Section 177(1) of the Evidence Act relevantly provides:
Evidence of a person's opinion may be adduced by tendering a certificate ("expert certificate") signed by the person that:
(a) states the person's name and address, and
(b) states that the person has specialised knowledge based on his or her training, study or experience as specified in the certificate, and
(c) sets out an opinion that the person holds and that is expressed to be wholly or substantially based on that knowledge.
The medical certificate of Dr H includes a section headed “Certification by Medical Practitioner”. Beside the notation “Professional qualifications”, the entry is “MD FRANZCP – … (1994)”. No evidence was presented as to the meaning of that acronym, however, even if it can be assumed that the acronym is a reference to “The Royal Australian and New Zealand College of Psychiatrists”, there is no statement to the effect that the opinion of Dr H is wholly or substantially based on specialised knowledge based on that training, study or experience.
Certification to that effect is important because s 79(1) of the Evidence Act sets out an exemption to the exclusion of opinion evidence, as follows:
If a person has specialised knowledge based on the person's training, study or experience, the opinion rule does not apply to evidence of an opinion of that person that is wholly or substantially based on that knowledge.
More relevantly, however, the medical certificate of Dr H does not state the factual basis for her opinion and, hence, no weight can be given to that opinion: Paric v John Holland (Construction) Pty Limited (1985) 62 ALR 85 at 88; Ramsay v Watson (1961) 108 CLR 642 at 648-649.

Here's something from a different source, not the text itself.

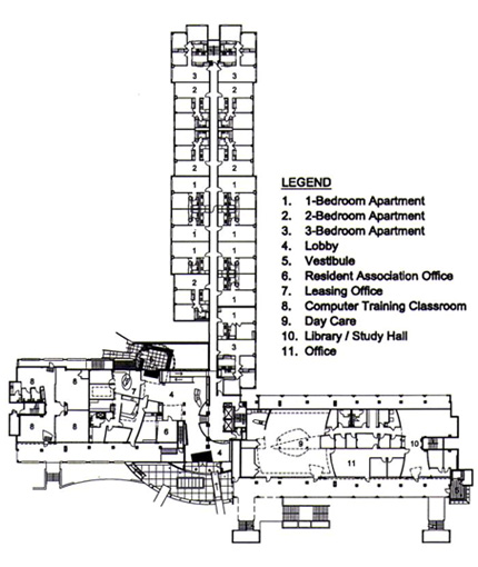 - もともとあった建物の間取り図ですが、住戸が横に並んでいるアパートみたいなところですが、ここを増築して横を大きく広げている。ここには図書館が入っています。所得の高い人が入る集合住宅には、住民のためのライブラリーがあるというのがこのエリアでは普通のことなのですね。それからデイケア。こういった共用施設を導入して付加価値を高めています。住居が綺麗で設備が良いだけでは魅力に欠けるので、こういった工夫をしています。他にも、コンピュータークラスというプログラミング教育のための教室が4つもあります。

Further, in Makita (Australia) Pty Ltd v Sprowles 52 NSWLR 705 at [66], the New South Wales Court of Appeal found that:
… the ultimate opinion of the doctor will usually be based in part on his personal observation of the patient and in part on what the patient tells the doctor.
In this matter, the medical certificate of Dr H does not include any reference to a medical history provided by the husband, nor does it record Dr H’s observations of the husband. In those circumstances, I can give no weight to that document.
In the absence of evidence upon which the Court can rely, I am not satisfied, to the standard set out in s 140 of the Evidence Act, that the husband is unable to support himself adequately by reason of mental incapacity for appropriate gainful employment. Accordingly, the husband has not crossed the “gateway” referred to by High Court in Hall v Hall (supra) and his application for interim spousal maintenance must, therefore, be dismissed.
I certify that the preceding thirty (30) paragraphs are a true copy of the reasons for judgment of the Honourable Deputy Chief Justice McClelland delivered on 21 December 2018.